[DATASET EXTRACT — start]

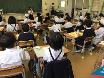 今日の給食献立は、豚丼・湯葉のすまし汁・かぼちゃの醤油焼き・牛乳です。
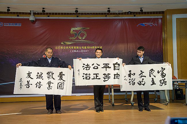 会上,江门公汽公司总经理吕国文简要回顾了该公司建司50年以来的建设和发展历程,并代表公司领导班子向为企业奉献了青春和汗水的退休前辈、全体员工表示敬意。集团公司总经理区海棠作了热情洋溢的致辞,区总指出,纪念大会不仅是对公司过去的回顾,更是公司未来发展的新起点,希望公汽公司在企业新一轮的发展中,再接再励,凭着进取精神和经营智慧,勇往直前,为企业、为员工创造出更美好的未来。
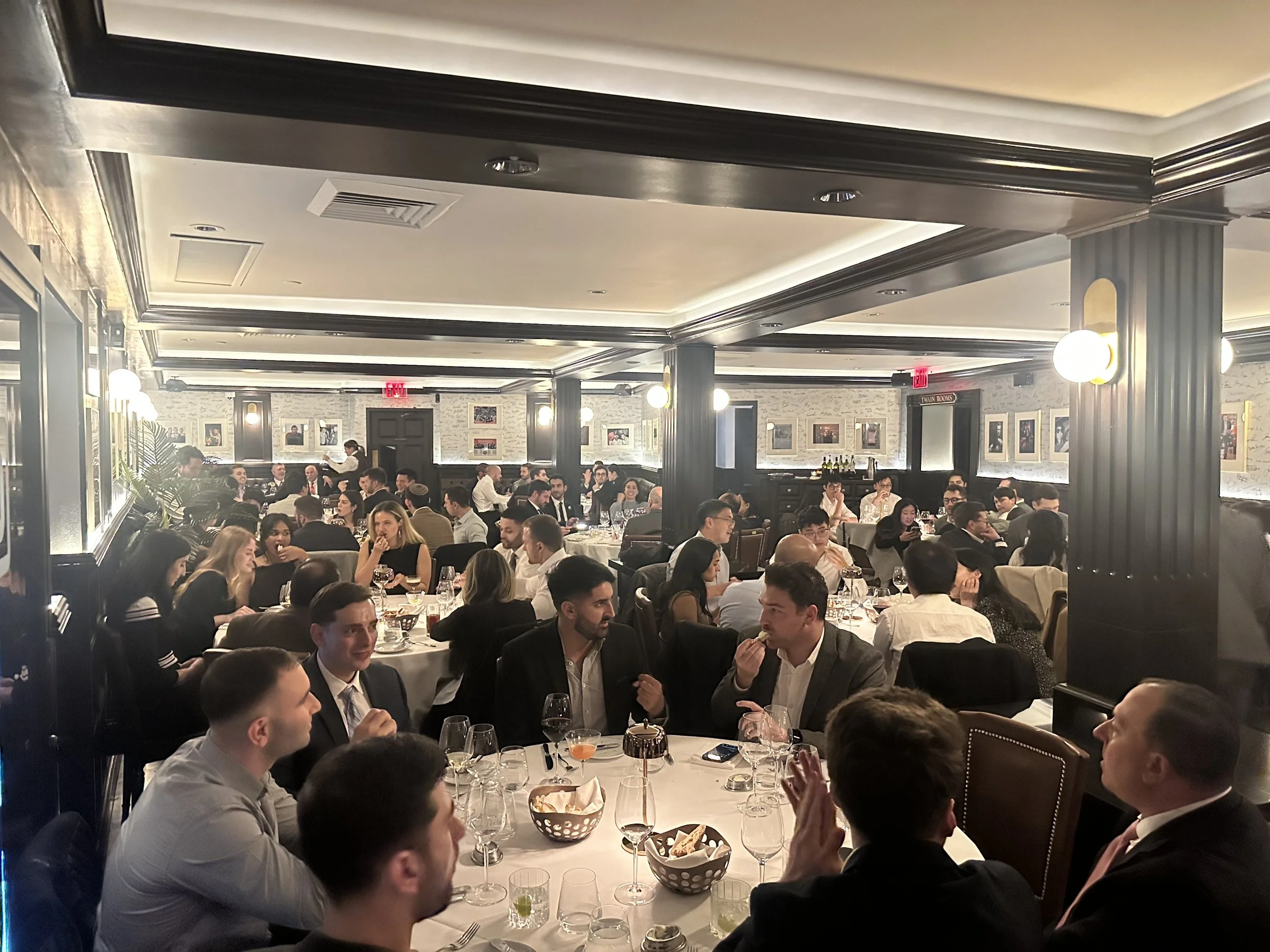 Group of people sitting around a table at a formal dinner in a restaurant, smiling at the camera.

[DATASET EXTRACT — finish]

* [WORK TO COMPLETE]: Would you output the full listing exactly as it stands, minus the images?

* [OUTPUT]:
 今日の給食献立は、豚丼・湯葉のすまし汁・かぼちゃの醤油焼き・牛乳です。
 会上,江门公汽公司总经理吕国文简要回顾了该公司建司50年以来的建设和发展历程,并代表公司领导班子向为企业奉献了青春和汗水的退休前辈、全体员工表示敬意。集团公司总经理区海棠作了热情洋溢的致辞,区总指出,纪念大会不仅是对公司过去的回顾,更是公司未来发展的新起点,希望公汽公司在企业新一轮的发展中,再接再励,凭着进取精神和经营智慧,勇往直前,为企业、为员工创造出更美好的未来。
 Group of people sitting around a table at a formal dinner in a restaurant, smiling at the camera.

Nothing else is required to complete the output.